Show offers a glimpse of the possibility of. Shi Hyun’s voiceover, as well as the video of Shi Hyun back, in which he now wears a light-colored suit that wasn’t his prior to, is proof of this.

However, it feels like an encasement that dramas frequently draw out. This fantasy world is not logical and has absolutely nothing to do with the story of the drama.

It’s difficult for me to believe that Shi Hyun is still out there somewhere, still being an evilass. But, believing he’s alive is more satisfying than believing he’s deceased.


Show, even though it was only the final few episodes, was able to get my attention and made me smile, and even though the ending was not my favorite the show was still an unforgettable experience.
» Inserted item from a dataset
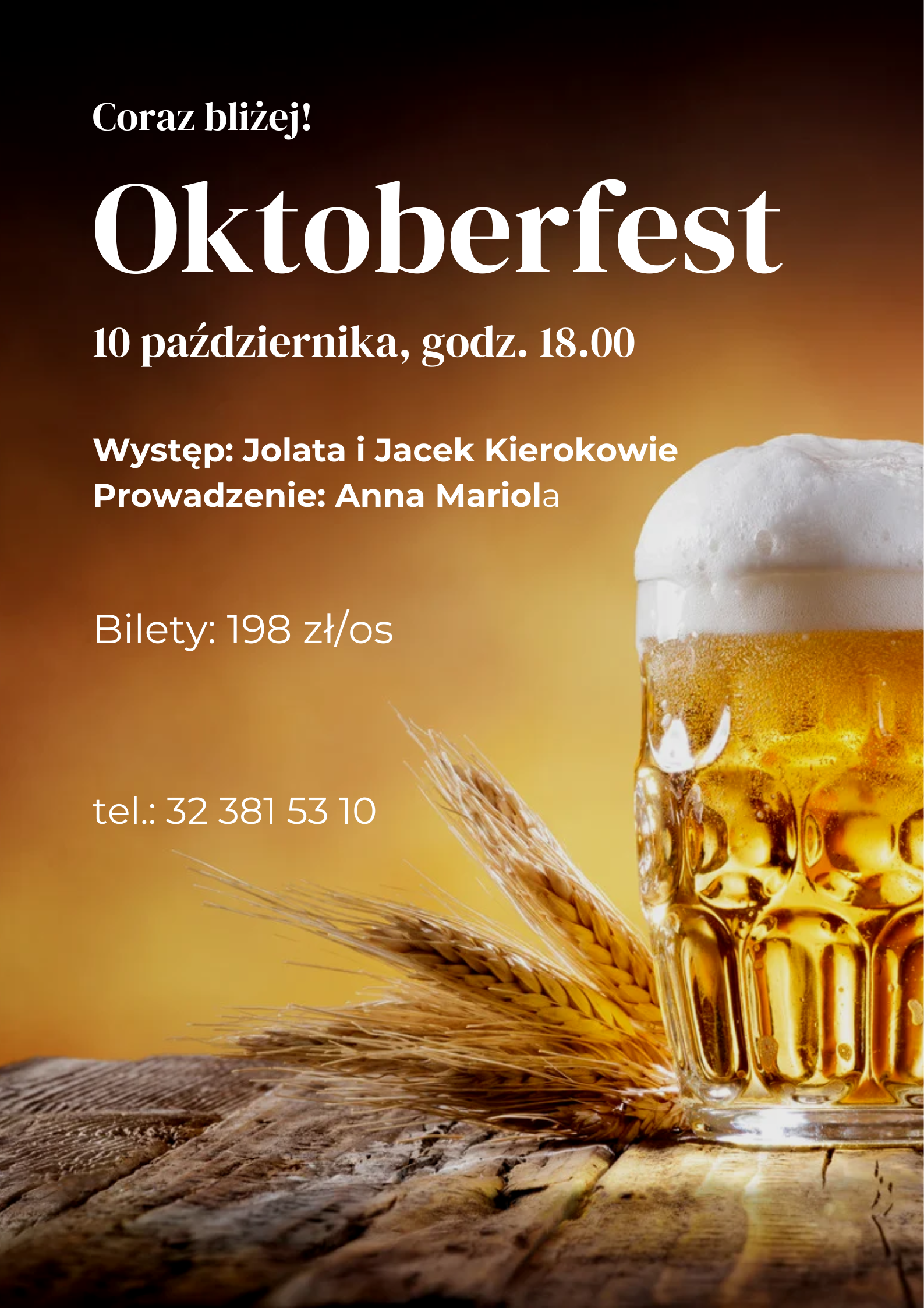 Odliczamy dni do Oktoberfestu! 10 października czeka nas wieczór pełen serdecznego uśmiechu, dobrej zabawy i dobrego jedzenia! Wystąpią Jolanta i Jacek Kierokowie, a nasi kucharze proponują na ten wieczór następujące menu: Danie główne: golonko pieczone w piwie podane na kapuście zasmażanej. Ponadto podamy: tradycyjne precle, sałatkę ziemniaczaną, smalec z jabłkiem…

Baksa who is a lonely , but ultimately a sympathetic badass protagonist made Show stay with me for a long time into the end.

Show despite its flaws, has a unique beauty that makes it stand out, kind of like meteorites that appear every once in a while.

Show is a meteorite that sparkles brightly as it melts itself out into nothingness.


It’s darkly gorgeous and extremely twisty. But, it can also be confusing and a little disturbing. Jung Kyung Ho is simply amazing at this and makes it all worth it.